## THE PROBLEM
Lines that contain "with" are to be copied from the material, every one of them.

## EXERCISE DATA
--------------------

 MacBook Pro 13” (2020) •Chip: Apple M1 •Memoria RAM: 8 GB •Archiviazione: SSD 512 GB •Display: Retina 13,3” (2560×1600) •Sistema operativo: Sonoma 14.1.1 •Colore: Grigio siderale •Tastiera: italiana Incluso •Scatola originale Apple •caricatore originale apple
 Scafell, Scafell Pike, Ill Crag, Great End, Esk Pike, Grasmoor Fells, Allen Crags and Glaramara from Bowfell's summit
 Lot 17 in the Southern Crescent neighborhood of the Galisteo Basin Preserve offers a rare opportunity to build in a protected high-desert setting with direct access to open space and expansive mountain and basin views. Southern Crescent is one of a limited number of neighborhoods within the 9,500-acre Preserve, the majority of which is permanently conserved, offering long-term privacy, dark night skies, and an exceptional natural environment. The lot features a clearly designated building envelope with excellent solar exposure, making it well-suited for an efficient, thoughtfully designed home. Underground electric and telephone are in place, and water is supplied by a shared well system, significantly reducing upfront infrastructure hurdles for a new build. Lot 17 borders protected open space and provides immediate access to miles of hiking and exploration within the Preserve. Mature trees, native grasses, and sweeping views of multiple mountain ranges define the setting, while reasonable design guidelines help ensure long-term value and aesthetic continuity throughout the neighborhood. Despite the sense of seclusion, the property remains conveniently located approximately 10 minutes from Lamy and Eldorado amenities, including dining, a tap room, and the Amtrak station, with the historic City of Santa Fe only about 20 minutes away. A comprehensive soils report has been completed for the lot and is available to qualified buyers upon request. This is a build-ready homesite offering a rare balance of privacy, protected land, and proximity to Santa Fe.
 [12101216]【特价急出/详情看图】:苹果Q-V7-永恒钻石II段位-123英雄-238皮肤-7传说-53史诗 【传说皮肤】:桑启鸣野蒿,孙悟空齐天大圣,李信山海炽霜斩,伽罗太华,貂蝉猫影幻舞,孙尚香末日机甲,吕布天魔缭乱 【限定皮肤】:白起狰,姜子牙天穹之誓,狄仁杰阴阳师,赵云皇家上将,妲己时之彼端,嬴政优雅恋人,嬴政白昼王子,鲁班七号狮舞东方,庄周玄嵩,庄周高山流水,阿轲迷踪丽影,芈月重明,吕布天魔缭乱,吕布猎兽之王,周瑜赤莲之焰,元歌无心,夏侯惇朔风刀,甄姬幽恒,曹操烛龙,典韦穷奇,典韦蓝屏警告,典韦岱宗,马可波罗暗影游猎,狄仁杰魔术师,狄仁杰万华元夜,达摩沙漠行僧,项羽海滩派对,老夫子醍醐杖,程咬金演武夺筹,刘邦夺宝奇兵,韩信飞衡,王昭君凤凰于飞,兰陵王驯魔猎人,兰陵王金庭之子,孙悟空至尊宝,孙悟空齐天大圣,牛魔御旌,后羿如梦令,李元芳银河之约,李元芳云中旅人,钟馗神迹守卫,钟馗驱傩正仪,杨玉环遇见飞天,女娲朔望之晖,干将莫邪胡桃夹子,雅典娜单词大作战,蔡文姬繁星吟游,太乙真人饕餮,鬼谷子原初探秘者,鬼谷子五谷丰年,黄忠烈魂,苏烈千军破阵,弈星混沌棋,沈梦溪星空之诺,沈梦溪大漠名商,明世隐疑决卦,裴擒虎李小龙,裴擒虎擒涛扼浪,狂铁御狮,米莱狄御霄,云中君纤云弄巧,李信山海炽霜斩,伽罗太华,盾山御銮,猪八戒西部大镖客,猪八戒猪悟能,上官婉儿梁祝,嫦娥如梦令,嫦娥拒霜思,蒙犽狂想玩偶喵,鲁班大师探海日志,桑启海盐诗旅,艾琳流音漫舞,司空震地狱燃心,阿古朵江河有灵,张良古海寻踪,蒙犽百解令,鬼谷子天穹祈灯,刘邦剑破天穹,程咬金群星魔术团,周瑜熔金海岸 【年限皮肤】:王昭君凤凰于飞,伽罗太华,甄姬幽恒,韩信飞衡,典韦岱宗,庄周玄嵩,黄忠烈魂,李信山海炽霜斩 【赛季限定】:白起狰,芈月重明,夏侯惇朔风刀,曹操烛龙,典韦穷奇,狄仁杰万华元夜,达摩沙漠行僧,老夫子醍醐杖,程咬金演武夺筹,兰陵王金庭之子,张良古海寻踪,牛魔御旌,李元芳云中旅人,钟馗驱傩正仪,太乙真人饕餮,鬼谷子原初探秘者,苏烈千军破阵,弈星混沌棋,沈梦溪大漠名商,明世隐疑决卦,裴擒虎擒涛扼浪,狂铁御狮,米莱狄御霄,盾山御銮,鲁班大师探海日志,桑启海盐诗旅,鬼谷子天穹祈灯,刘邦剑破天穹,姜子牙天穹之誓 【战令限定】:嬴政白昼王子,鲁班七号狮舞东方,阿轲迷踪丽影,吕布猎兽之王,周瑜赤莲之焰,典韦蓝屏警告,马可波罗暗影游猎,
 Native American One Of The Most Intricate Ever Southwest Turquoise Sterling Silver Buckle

--------------------

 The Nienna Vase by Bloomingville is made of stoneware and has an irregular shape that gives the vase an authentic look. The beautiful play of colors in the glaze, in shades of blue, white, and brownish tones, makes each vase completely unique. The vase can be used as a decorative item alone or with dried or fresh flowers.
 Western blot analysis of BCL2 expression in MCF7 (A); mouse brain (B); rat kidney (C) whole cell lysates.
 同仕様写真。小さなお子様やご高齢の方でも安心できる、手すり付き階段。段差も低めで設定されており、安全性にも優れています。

--------------------

## RESPONSE AREA
 Lot 17 in the Southern Crescent neighborhood of the Galisteo Basin Preserve offers a rare opportunity to build in a protected high-desert setting with direct access to open space and expansive mountain and basin views. Southern Crescent is one of a limited number of neighborhoods within the 9,500-acre Preserve, the majority of which is permanently conserved, offering long-term privacy, dark night skies, and an exceptional natural environment. The lot features a clearly designated building envelope with excellent solar exposure, making it well-suited for an efficient, thoughtfully designed home. Underground electric and telephone are in place, and water is supplied by a shared well system, significantly reducing upfront infrastructure hurdles for a new build. Lot 17 borders protected open space and provides immediate access to miles of hiking and exploration within the Preserve. Mature trees, native grasses, and sweeping views of multiple mountain ranges define the setting, while reasonable design guidelines help ensure long-term value and aesthetic continuity throughout the neighborhood. Despite the sense of seclusion, the property remains conveniently located approximately 10 minutes from Lamy and Eldorado amenities, including dining, a tap room, and the Amtrak station, with the historic City of Santa Fe only about 20 minutes away. A comprehensive soils report has been completed for the lot and is available to qualified buyers upon request. This is a build-ready homesite offering a rare balance of privacy, protected land, and proximity to Santa Fe.
 The Nienna Vase by Bloomingville is made of stoneware and has an irregular shape that gives the vase an authentic look. The beautiful play of colors in the glaze, in shades of blue, white, and brownish tones, makes each vase completely unique. The vase can be used as a decorative item alone or with dried or fresh flowers.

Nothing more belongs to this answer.